Nel 2021 ha curato la mostra retrospettiva di Juan José Gurrola al MACG, che riunisce sei decenni di lavoro del poliedrico creatore messicano. Nel 2019 ha curato Abusos de las formas al MACG. Nel 2018 ha curato la mostra Bombe: Marcos Kurtycz in Witte de With, Rotterdam e Common Silence in Baxter Via, New York. Nel 2017 ha curato Activating Objects presso Another Space, New York. Tra il 2012 e il 2016 è stato curatore al Museo Experimental el Eco dove ha realizzato mostre di Vivian Suter, Wolf Von Kries, Diego Pérez, tra gli altri.

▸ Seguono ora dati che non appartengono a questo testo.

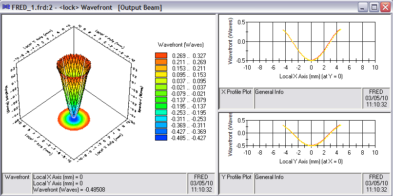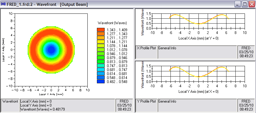 We can now view the wavefront profile of the beam shown in Figure 2-4 by right-clicking in the Chart and selecting the option Show Computed Wavefront from the popup menu. As can be seen from the chart in Figure 2-5, the beam has just more than λ/2 center-to-edge wavefront curvature.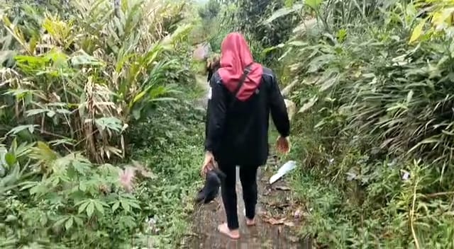 Keterangan: Yunita Barokah (Anggota Panwaslu Kecamatan Karangreja) harus melepas alas kaki demi bisa melalui jalan licin menuju rumah anggota partai tersampling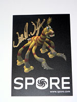 かくして,40分ほどのプレゼンテーションは終わり,最後にサイン会が行われた。もちろん,来場者のほとんどが行列を作り,順番が回ってくると,興奮して握手をし,写真を撮る。もちろん我々もほかの人々とまったく同じことをしちゃったのだが,そのようにして手に入れたのが左下の写真のカード。いずれは4Gamerの「今週のプレゼント」の一つにしようと考えているので,同氏のファンはチェックを怠りなく。 Sporeの開発にはまだ時間がかかりそうだが,2007年のGCで再びライト氏がSporeのプレゼンテーションを行うかもしれない,と考えると,それはそれでいいような,よくないような……。なんにせよ,気長に待っていよう。(松本隆一)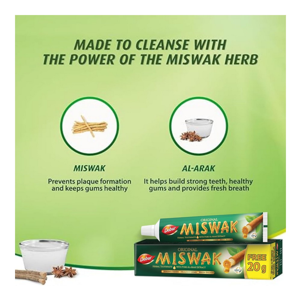 استمتع بابتسامة صحية وجذابة مع معجون أسنان دابر المسواك الذي يحتوي على خلاصة الأراك النقي. هذا المعجون العشبي، الذي يمتد عبر أكثر من 130 عامًا من الخبرة في التركيبات الطبيعية، يقدم لك منتجًا خاليًا من الفلورايد والمواد الكيميائية الضارة. احمِ أسنانك من التسوس واستمتع بنعومة النعناع المنعشة في كل استخدام. بالإضافة إلى ذلك، ستحصل على فرشاة أسنان مجانية تمامًا. اجعل صحة فمك أولوية مع معجون دابر المسواك وابتسم بثقة.

Nel 2015 ha pubblicato il libro Las ideas de Gamboa per il Museo Jumex. Nel 2013 lui ha partecipato alla Biennale del Mercosur. Nel 2011 ha pubblicato il libro Artecorreo. Quello stesso anno ha partecipato alla residenza a Capacete, Brasile. È stato curatore di El Clauselito, a spazio dedicato alla pittura contemporanea nel Museo di Città del Messico. Insieme ad Annabela Tournon, cura la rivista bilingue Tada, in francese e Spagnolo.

Artisti:

Mariana Castillo Deball (Messico, 1975) è un'artista visiva che si è concentrata sull'esplorazione del storia dei beni culturali, la loro prevalenza e i diversi modi in cui sono stati compreso e interpretato nel tempo.
L'approccio multidisciplinare del suo lavoro l'ha portata a collaborare con specialisti di diverse branche del sapere scientifico e culturale. Il suo lavoro è stato premiato premi internazionali, tra cui il Premio della National Gallery, Berlino (2013), lo Zurigo Premio d'Arte (2012) e Premio Ars Viva (2009).

Ha partecipato a diverse mostre e biennali su larga scala, tra cui il São Paulo Biennale (2016), la Biennale di Berlino (2014), dOCUMENTA (13), Kassel (2012) e il Biennale di Venezia (2011), tra gli altri. Tra le sue mostre personali più recenti c'è quella presso il Museum für Gegenwartskunst Siegen, Germania (2021), Modern Art Oxford, Inghilterra (2020), Monash University Museum of Art, Melbourne, Australia (2019) o al Nuovo Museo, New York, Stati Uniti (2019). Sempre al San Francisco Art Institute, Stati Uniti (2016), Hamburger Bahnhof-Museum für Gegenwart, Germania (2014), Glasgow Centre for Contemporary Arts, Scozia (2013) e alla Chisenhale Gallery, Inghilterra (2013). È stata professoressa di scultura all'Accademia d'arte di Münster, Germania, dal 2015.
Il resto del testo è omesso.